A Vancomycin-Heparin Lock Solution for Prevention of Nosocomial Bloodstream Infection in Critically Ill Neonates With Peripherally Inserted Central Venous Catheters: A Prospective, Randomized Trial

Jeffery S. Garland, MD*, Colleen P. Alex, BSN*, Kelly J. Henrickson, MD{ddagger}, Timothy L. McAuliffe, PhD§ and Dennis G. Maki, MD||

* Department of Pediatrics, St Joseph's Hospital
{ddagger} Pediatrics
§ Biostatistics, Medical College of Wisconsin, Milwaukee, Wisconsin
|| Section of Infectious Diseases, Department of Medicine, University of Wisconsin Medical School, Madison, Wisconsin

Objective.Critically ill neonates are at high risk for vascular catheter–related bloodstream infection (CRBSI), most often caused by coagulase-negative staphylococci. Most CRBSIs with long-term devices derive from intraluminal contaminants. The objective of this study was to ascertain the safety and the efficacy of a vancomycin-heparin lock solution for prevention of CRBSI.

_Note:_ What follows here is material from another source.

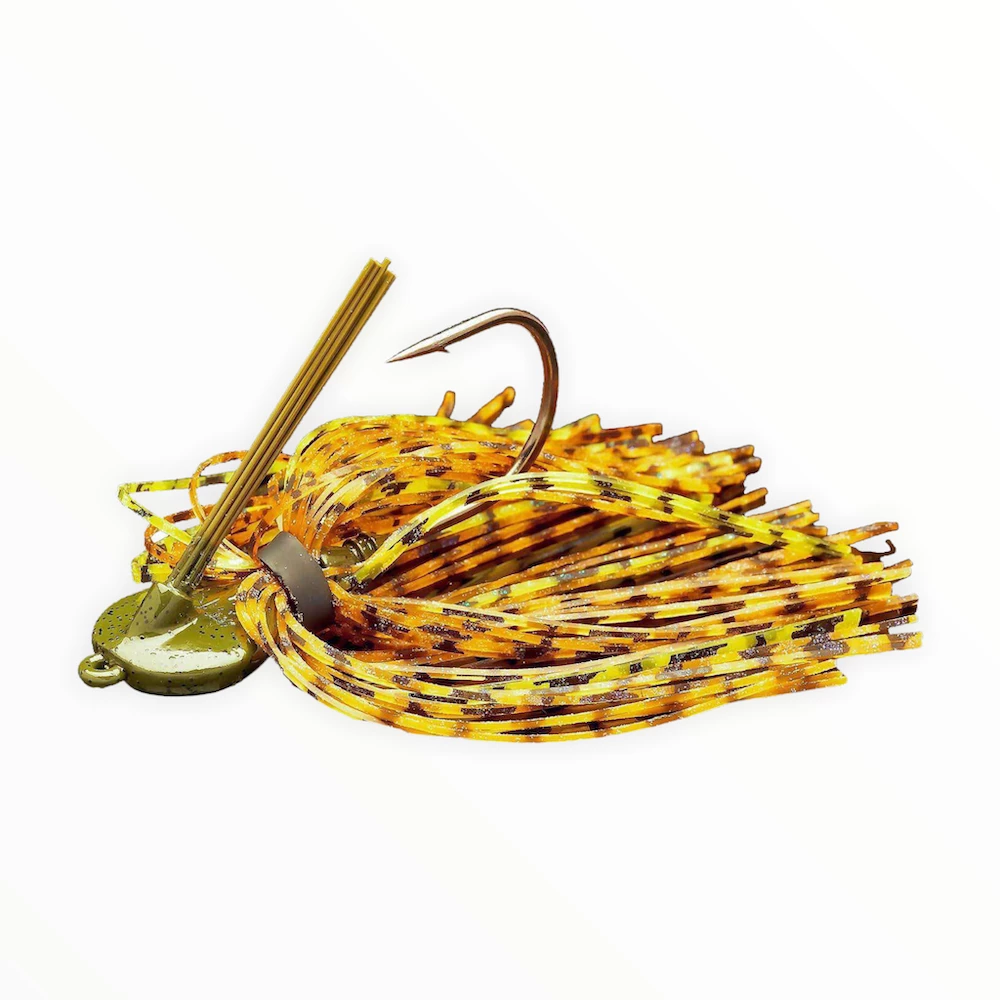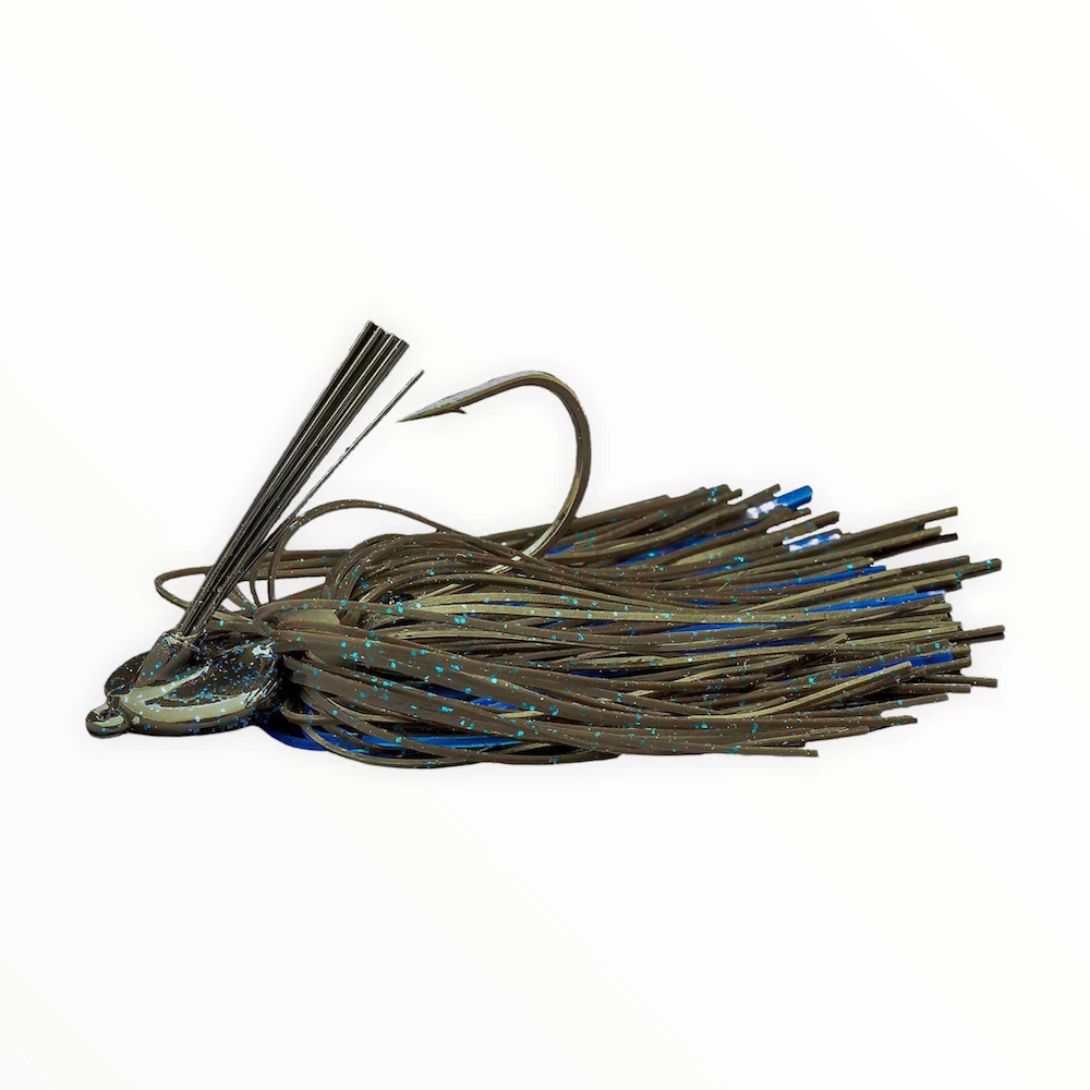 This jig stands out as unique and versatile as Skipping Jig and swimming jig. It is proven to come over and through most any cover a bass lives in.

Methods.A prospective, randomized double-blind trial was conducted during 2000–2001 at a community hospital level III NICU. Very low birth weight and other critically ill neonates with a newly placed peripherally inserted central venous catheter were randomized to have the catheter locked 2 or 3 times daily for 20 or 60 minutes with heparinized normal saline (n = 43) or heparinized saline that contained vancomycin 25 µg/mL (n = 42). The origin of each nosocomial bloodstream infection (BSI) was studied by culturing skin, catheter hubs, and implanted catheter segments and blood cultures, demonstrating concordance by restriction-fragment DNA subtyping. Surveillance axillary and rectal cultures were performed to detect colonization by vancomycin-resistant organisms. The main outcome measures were (1) CRBSIs and (2) colonization or infection by vancomycin-resistant Gram-positive bacteria.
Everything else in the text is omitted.